PROBLEM DESCRIPTION:
Reproduce each record below exactly as written.

Collection entries:
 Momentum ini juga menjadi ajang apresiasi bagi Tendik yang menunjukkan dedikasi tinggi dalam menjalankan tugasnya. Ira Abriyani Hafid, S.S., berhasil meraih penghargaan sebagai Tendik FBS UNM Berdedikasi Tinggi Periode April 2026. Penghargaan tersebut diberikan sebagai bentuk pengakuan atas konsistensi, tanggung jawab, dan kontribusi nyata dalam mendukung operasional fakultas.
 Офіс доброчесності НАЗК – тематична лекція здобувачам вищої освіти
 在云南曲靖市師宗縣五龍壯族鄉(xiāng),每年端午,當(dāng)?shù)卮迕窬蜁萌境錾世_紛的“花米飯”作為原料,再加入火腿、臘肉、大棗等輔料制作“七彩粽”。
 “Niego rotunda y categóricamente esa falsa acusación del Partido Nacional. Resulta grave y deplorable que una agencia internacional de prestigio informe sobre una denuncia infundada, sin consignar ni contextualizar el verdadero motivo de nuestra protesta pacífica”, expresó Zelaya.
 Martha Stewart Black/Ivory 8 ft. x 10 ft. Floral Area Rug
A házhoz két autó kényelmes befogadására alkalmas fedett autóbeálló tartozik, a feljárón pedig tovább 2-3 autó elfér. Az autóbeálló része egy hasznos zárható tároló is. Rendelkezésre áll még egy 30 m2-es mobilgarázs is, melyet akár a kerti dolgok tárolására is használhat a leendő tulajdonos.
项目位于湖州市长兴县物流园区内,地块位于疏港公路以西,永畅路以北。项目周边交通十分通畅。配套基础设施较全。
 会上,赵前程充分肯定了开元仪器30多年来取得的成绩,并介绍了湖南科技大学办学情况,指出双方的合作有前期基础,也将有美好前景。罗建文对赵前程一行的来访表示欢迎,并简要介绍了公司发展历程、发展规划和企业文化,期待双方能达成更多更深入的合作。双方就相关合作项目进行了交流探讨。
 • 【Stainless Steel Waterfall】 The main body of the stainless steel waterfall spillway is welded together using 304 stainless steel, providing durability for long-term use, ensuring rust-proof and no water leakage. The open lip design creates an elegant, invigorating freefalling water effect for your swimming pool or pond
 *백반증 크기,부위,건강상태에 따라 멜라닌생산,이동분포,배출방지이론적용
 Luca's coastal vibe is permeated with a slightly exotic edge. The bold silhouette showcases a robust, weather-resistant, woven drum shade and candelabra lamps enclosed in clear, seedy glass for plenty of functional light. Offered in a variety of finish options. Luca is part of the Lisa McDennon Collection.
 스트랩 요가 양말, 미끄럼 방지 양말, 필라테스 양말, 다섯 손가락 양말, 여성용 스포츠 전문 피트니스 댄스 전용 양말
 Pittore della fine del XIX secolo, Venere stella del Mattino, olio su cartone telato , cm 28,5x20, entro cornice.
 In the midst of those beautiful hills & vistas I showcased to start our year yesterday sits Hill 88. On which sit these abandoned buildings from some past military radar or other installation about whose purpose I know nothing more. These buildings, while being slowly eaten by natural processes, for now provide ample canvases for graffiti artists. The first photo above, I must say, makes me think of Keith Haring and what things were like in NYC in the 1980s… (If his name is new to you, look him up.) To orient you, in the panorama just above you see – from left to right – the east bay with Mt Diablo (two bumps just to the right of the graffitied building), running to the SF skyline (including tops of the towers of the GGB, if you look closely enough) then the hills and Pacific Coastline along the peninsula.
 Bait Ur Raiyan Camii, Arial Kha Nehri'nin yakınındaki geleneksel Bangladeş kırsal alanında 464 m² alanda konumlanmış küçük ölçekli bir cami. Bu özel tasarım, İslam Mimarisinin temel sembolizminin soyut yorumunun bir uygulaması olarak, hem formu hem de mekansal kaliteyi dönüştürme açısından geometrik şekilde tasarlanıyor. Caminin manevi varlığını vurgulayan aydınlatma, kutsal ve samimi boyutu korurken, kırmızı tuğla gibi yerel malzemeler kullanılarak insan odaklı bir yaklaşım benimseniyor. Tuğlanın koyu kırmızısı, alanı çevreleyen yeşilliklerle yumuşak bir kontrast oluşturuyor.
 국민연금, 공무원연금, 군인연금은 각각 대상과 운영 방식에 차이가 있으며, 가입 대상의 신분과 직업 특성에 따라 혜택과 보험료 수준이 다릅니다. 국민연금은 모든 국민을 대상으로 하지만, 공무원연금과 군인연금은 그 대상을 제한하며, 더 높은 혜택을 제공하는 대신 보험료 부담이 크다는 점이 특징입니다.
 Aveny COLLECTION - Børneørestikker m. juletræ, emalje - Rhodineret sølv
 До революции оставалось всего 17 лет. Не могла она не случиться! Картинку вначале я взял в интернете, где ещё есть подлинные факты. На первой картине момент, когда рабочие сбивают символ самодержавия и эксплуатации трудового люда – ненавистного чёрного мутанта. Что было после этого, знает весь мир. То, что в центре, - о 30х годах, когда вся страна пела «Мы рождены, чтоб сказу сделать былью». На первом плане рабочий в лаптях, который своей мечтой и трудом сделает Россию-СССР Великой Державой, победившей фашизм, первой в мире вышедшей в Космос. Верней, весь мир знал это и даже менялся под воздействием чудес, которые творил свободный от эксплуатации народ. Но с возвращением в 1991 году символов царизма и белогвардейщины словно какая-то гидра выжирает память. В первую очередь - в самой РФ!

ANSWER BOX:
 Momentum ini juga menjadi ajang apresiasi bagi Tendik yang menunjukkan dedikasi tinggi dalam menjalankan tugasnya. Ira Abriyani Hafid, S.S., berhasil meraih penghargaan sebagai Tendik FBS UNM Berdedikasi Tinggi Periode April 2026. Penghargaan tersebut diberikan sebagai bentuk pengakuan atas konsistensi, tanggung jawab, dan kontribusi nyata dalam mendukung operasional fakultas.
 Офіс доброчесності НАЗК – тематична лекція здобувачам вищої освіти
 在云南曲靖市師宗縣五龍壯族鄉(xiāng),每年端午,當(dāng)?shù)卮迕窬蜁萌境錾世_紛的“花米飯”作為原料,再加入火腿、臘肉、大棗等輔料制作“七彩粽”。
 “Niego rotunda y categóricamente esa falsa acusación del Partido Nacional. Resulta grave y deplorable que una agencia internacional de prestigio informe sobre una denuncia infundada, sin consignar ni contextualizar el verdadero motivo de nuestra protesta pacífica”, expresó Zelaya.
 Martha Stewart Black/Ivory 8 ft. x 10 ft. Floral Area Rug
A házhoz két autó kényelmes befogadására alkalmas fedett autóbeálló tartozik, a feljárón pedig tovább 2-3 autó elfér. Az autóbeálló része egy hasznos zárható tároló is. Rendelkezésre áll még egy 30 m2-es mobilgarázs is, melyet akár a kerti dolgok tárolására is használhat a leendő tulajdonos.
项目位于湖州市长兴县物流园区内,地块位于疏港公路以西,永畅路以北。项目周边交通十分通畅。配套基础设施较全。
 会上,赵前程充分肯定了开元仪器30多年来取得的成绩,并介绍了湖南科技大学办学情况,指出双方的合作有前期基础,也将有美好前景。罗建文对赵前程一行的来访表示欢迎,并简要介绍了公司发展历程、发展规划和企业文化,期待双方能达成更多更深入的合作。双方就相关合作项目进行了交流探讨。
 • 【Stainless Steel Waterfall】 The main body of the stainless steel waterfall spillway is welded together using 304 stainless steel, providing durability for long-term use, ensuring rust-proof and no water leakage. The open lip design creates an elegant, invigorating freefalling water effect for your swimming pool or pond
 *백반증 크기,부위,건강상태에 따라 멜라닌생산,이동분포,배출방지이론적용
 Luca's coastal vibe is permeated with a slightly exotic edge. The bold silhouette showcases a robust, weather-resistant, woven drum shade and candelabra lamps enclosed in clear, seedy glass for plenty of functional light. Offered in a variety of finish options. Luca is part of the Lisa McDennon Collection.
 스트랩 요가 양말, 미끄럼 방지 양말, 필라테스 양말, 다섯 손가락 양말, 여성용 스포츠 전문 피트니스 댄스 전용 양말
 Pittore della fine del XIX secolo, Venere stella del Mattino, olio su cartone telato , cm 28,5x20, entro cornice.
 In the midst of those beautiful hills & vistas I showcased to start our year yesterday sits Hill 88. On which sit these abandoned buildings from some past military radar or other installation about whose purpose I know nothing more. These buildings, while being slowly eaten by natural processes, for now provide ample canvases for graffiti artists. The first photo above, I must say, makes me think of Keith Haring and what things were like in NYC in the 1980s… (If his name is new to you, look him up.) To orient you, in the panorama just above you see – from left to right – the east bay with Mt Diablo (two bumps just to the right of the graffitied building), running to the SF skyline (including tops of the towers of the GGB, if you look closely enough) then the hills and Pacific Coastline along the peninsula.
 Bait Ur Raiyan Camii, Arial Kha Nehri'nin yakınındaki geleneksel Bangladeş kırsal alanında 464 m² alanda konumlanmış küçük ölçekli bir cami. Bu özel tasarım, İslam Mimarisinin temel sembolizminin soyut yorumunun bir uygulaması olarak, hem formu hem de mekansal kaliteyi dönüştürme açısından geometrik şekilde tasarlanıyor. Caminin manevi varlığını vurgulayan aydınlatma, kutsal ve samimi boyutu korurken, kırmızı tuğla gibi yerel malzemeler kullanılarak insan odaklı bir yaklaşım benimseniyor. Tuğlanın koyu kırmızısı, alanı çevreleyen yeşilliklerle yumuşak bir kontrast oluşturuyor.
 국민연금, 공무원연금, 군인연금은 각각 대상과 운영 방식에 차이가 있으며, 가입 대상의 신분과 직업 특성에 따라 혜택과 보험료 수준이 다릅니다. 국민연금은 모든 국민을 대상으로 하지만, 공무원연금과 군인연금은 그 대상을 제한하며, 더 높은 혜택을 제공하는 대신 보험료 부담이 크다는 점이 특징입니다.
 Aveny COLLECTION - Børneørestikker m. juletræ, emalje - Rhodineret sølv
 До революции оставалось всего 17 лет. Не могла она не случиться! Картинку вначале я взял в интернете, где ещё есть подлинные факты. На первой картине момент, когда рабочие сбивают символ самодержавия и эксплуатации трудового люда – ненавистного чёрного мутанта. Что было после этого, знает весь мир. То, что в центре, - о 30х годах, когда вся страна пела «Мы рождены, чтоб сказу сделать былью». На первом плане рабочий в лаптях, который своей мечтой и трудом сделает Россию-СССР Великой Державой, победившей фашизм, первой в мире вышедшей в Космос. Верней, весь мир знал это и даже менялся под воздействием чудес, которые творил свободный от эксплуатации народ. Но с возвращением в 1991 году символов царизма и белогвардейщины словно какая-то гидра выжирает память. В первую очередь - в самой РФ!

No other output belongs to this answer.